“Robbery” Kembali Tak Utuh, Muenchen pun Gagal
Rasa sakit dan rasa gembira itu dikawinkan menjadi kekuatan yang dahsyat. Kurang dari setahun saja, duet Belanda-Prancis itu membawa Bayern Muenchen menjadi klub terhebat di Jerman dan ditakuti seantero Eropa. Sebelum 23 Mei 2010, Muenchen sudah meraih dua gelar bergengsi: juara Bundesliga dan DFB Pokal. Masih belum cukup, “Robbery” membawa FC Hollywood ke final Liga Champion menantang FC Internazionale Milano.

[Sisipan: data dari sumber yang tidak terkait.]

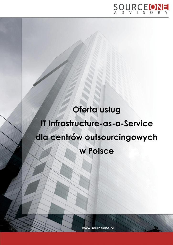 Oferta usług IT Infrastructure-as-a-Service dla centrów outsourcingowych w Polsce Oferta IT IaaS dla centrów outsourcingowych Wprowadzenie W ostatnich latach mamy do czynienia z dużym zainteresowaniem Polską, jako potencjalną destynacją dla lokowania centrów outsourcingowych. W chwili obecnej działa tu już ok. 700 jednostek tego typu, a łączne zatrudnienie w sektorze BPO przekroczyło 160.000 osób. Inwestorzy decydujący się na uruchomienie swych nowych operacji tego typu zmuszeni są ponosić duże nakłady inwestycyjne związane z najmem i wyposażaniem swych biur, rekrutacją pracowników oraz wdrażaniem technologii IT niezbędnych do funkcjonowania centrum outsourcingowego. Jako firma mająca ponad 15-letnie doświadczenie w branży outsourcingu oraz dogłębnie znająca realia tego biznesu w Polsce, chcemy Państwu zaproponować kompleksową usługę udostępnienia pełnego środowiska IT w modelu Infrastructure-as-a-Service. Oznacza to, że SourceOne inwestuje w zakup kompletnego wyposażenia IT wymaganego do pracy Waszego centrum, wdraża i instaluje cały sprzęt, a potem zapewnia profesjonalną obsługę całości rozwiązania. Państwo podpisujecie z nami jedynie umowę na określony czas (min. 12-miesięczny), a następnie dokonujecie stałych, z góry uzgodnionych opłat miesięcznych za pełną obsługę. Jeśli Wasze centrum outsourcingowe będzie się rozwijało i zdecydujecie zatrudnić kolejnych pracowników, wówczas wystarczy zlecić nam instalację dodatkowych stanowisk komputerowych. Usługa zostanie zrealizowana w ciągu kilku dni, a Państwa serwisowa opłata miesięczna zmieni się o stawkę precyzyjnie określoną w umowie. Opis usługi Główne element proponowanej Państwu usługi, to: SourceOne na własny koszt kupuje kompletny sprzęt IT wymagany do funkcjonowania Waszego centrum outsourcingowego SourceOne we własnym zakresie instaluje i wdraża całość zakupionego sprzętu oraz oprogramowania w Państwa siedzibie (jednorazowe usługi instalacji) SourceOne zapewnia stałą opiekę serwisową nad zainstalowanym rozwiązaniem, która polega na: o świadczeniu usług Help Desk (zdalnej pomocy) dla wszystkich pracowników centrum, w przypadku wystąpienia jakichkolwiek problemów lub awarii (usługa świadczona od poniedziałku do piątku w godz. 9 – 17, do 60 zgłoszeń w miesiącu) o wizytach serwisanta w Państwa centrum w przypadku, kiedy zdalna naprawa nie jest możliwa o prewencyjnych wizytach naszego serwisanta w Państwa siedzibie (1x w tygodniu 4 godz.) o zdalnym monitorowaniu infrastruktury IT (24/7/365) o zdalnym administrowaniu infrastruktury IT (pon. – pt., godz. 9 – 17) o czas naprawy uszkodzenia – następny dzień roboczy *) powyżej zaprezentowano przykładową konfigurację usług Strona 2 Oferta IT IaaS dla centrów outsourcingowych Przykładowa konfiguracja sprzętu IT dla 20 użytkowników 20 stacji roboczych – Dell OptiPlex 3020 z monitorem Dell Professional P2214H serwer PowerEdge R530, Windows Standard 2012 R2 backup plików QNAP TS-451U, 4 TB UPS dla serwera – APC Smart-UPS SRT 8000VA 230V telefonia VOIP, rozwiązanie CISCO (jednostka centralna + 20 użytkowników) Koszty usług Nazwa komponentu IT 1 stacja robocza Opłata mies. dla kontraktu 12 mies. Opłata mies. dla kontraktu 24 mies. 395 205 Serwer centralny z backup i UPS 6 250 3 120 Telefonia VOIP 1 050 530 Koszt miesięcznego wsparcia dla całej 6 450 6 450 infrastruktury IT (do 60 zgłoszeń serwisowych w mies.) Koszt instalacji infrastruktury IT: opłata jednorazowa, płatna po instalacji nie obejmuje instalacji aplikacji klienta 17.500 Wszystkie kwoty podane w niniejszym dokumencie są kwotami netto w PLN i zostanie do nich doliczony podatek VAT w wysokości 23%. Powyższe wyliczenia bazują na naszych wstępnych założeniach co do konfiguracji sprzętu, zakresu i poziomów jakościowych usług. Na zapytanie, możliwe są też inne konfiguracje sprzętu oraz usług. Kontakt Piotr Rutkowski SourceOne Advisory sp.j. Partner Zarządzający ul. Domaniewska 39A tel.: (+48) 607 499 048 02-672 Warszawa mail: [email protected] tel.: (+48) 22 244 22 55 www.sourceone.pl Strona 3
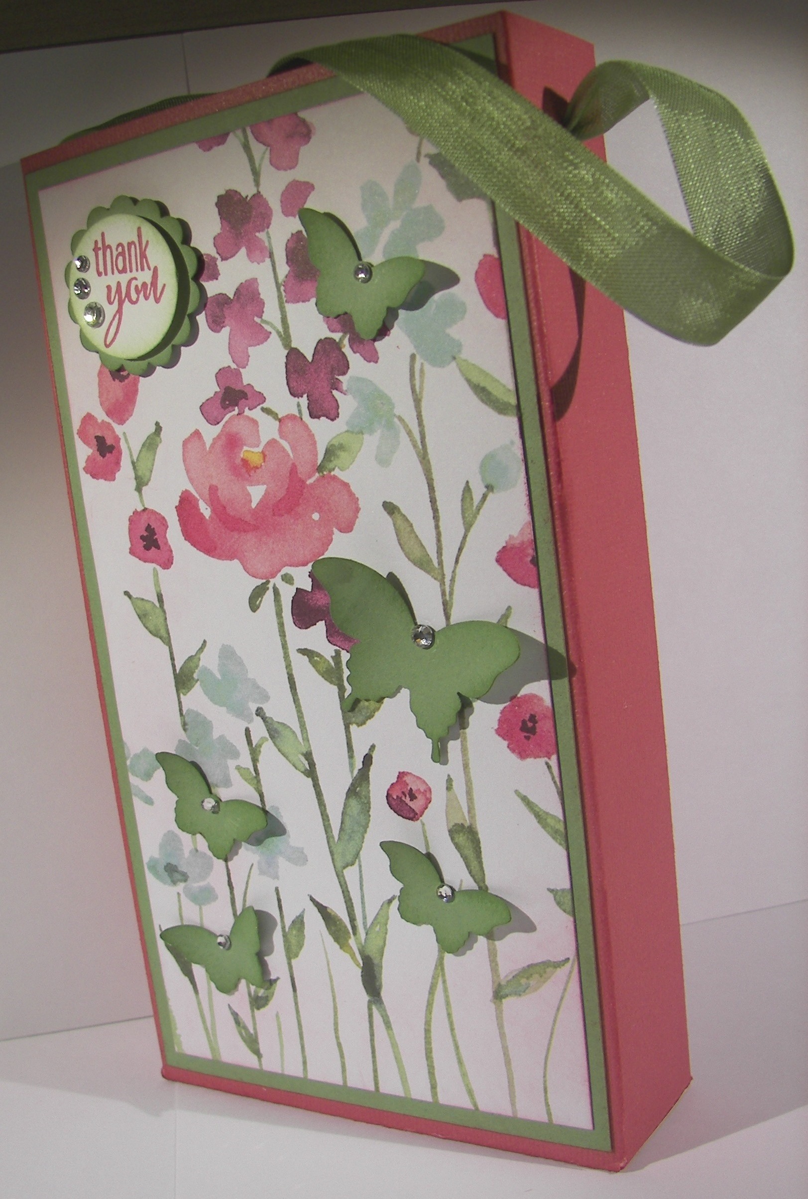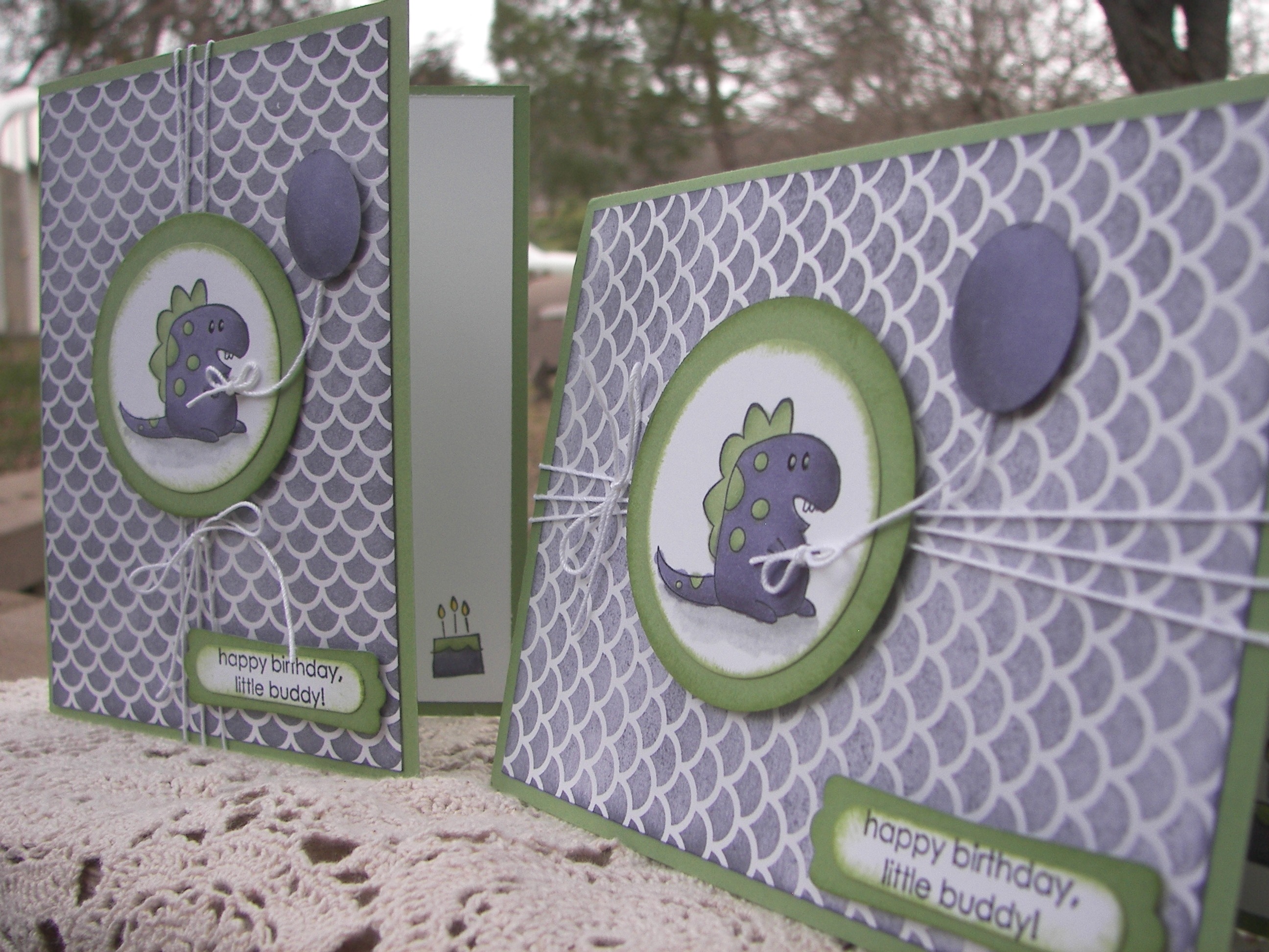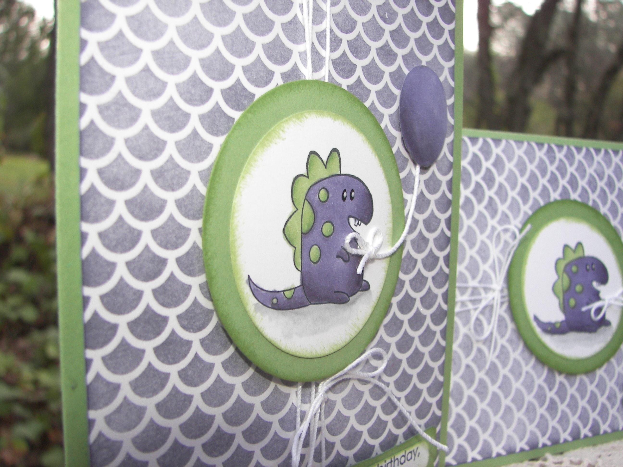 The background, and a bit on the inside, was stamped with the spotted stamp from the same set. It is random, but has a defined shape to allow filling in the entire space without looking repetitive. Very nice, very nice indeed. The front piece was wrapped in some very vanilla satin ribbon and layered up on dimensionals. The sentiment was left off completely allowing this to be an all occasion card ready to go.

Tapi, harga menebus tiket final itu teramat mahal. Franck
Ribery mendapat akumulasi kartu kuning pada leg kedua semifinal menghadapi
Lyon. Harapan bermain di final pun kandas. Di saat yang sama, interisti seluruh
dunia gembira-ria karena Inter Milan tak perlu kerepotan berhadapan dengan
sayap maut lawannya.
Begitulah adanya ketika final berlangsung pada 23 Mei
2010 itu. Santiago Bernabeu menjadi saksi betapa frustasinya pemain Muenchen
yang tak mampu menembus gawang Julio Cesar. Menyerang terus-menerus tidak
membawa hasil. Arjen Robben gagal menunjukkan kehebatannya karena tandemnya
hanya duduk di bangku penonton. Dan, dua gol Diego Milito sudah cukup untuk
menghantarkan Nerazzurri meraih gelar ketiganya.
***
Sayang seribu sayang, begitulah dulu nasib Bayern
Muenchen. Tapi duet “Robbery” tetap dipertahankan ketika Jupp Heynckes
menggantikan Louis van Gaal. Musim 2010/2011 tidak terlalu manis bagi Muenchen.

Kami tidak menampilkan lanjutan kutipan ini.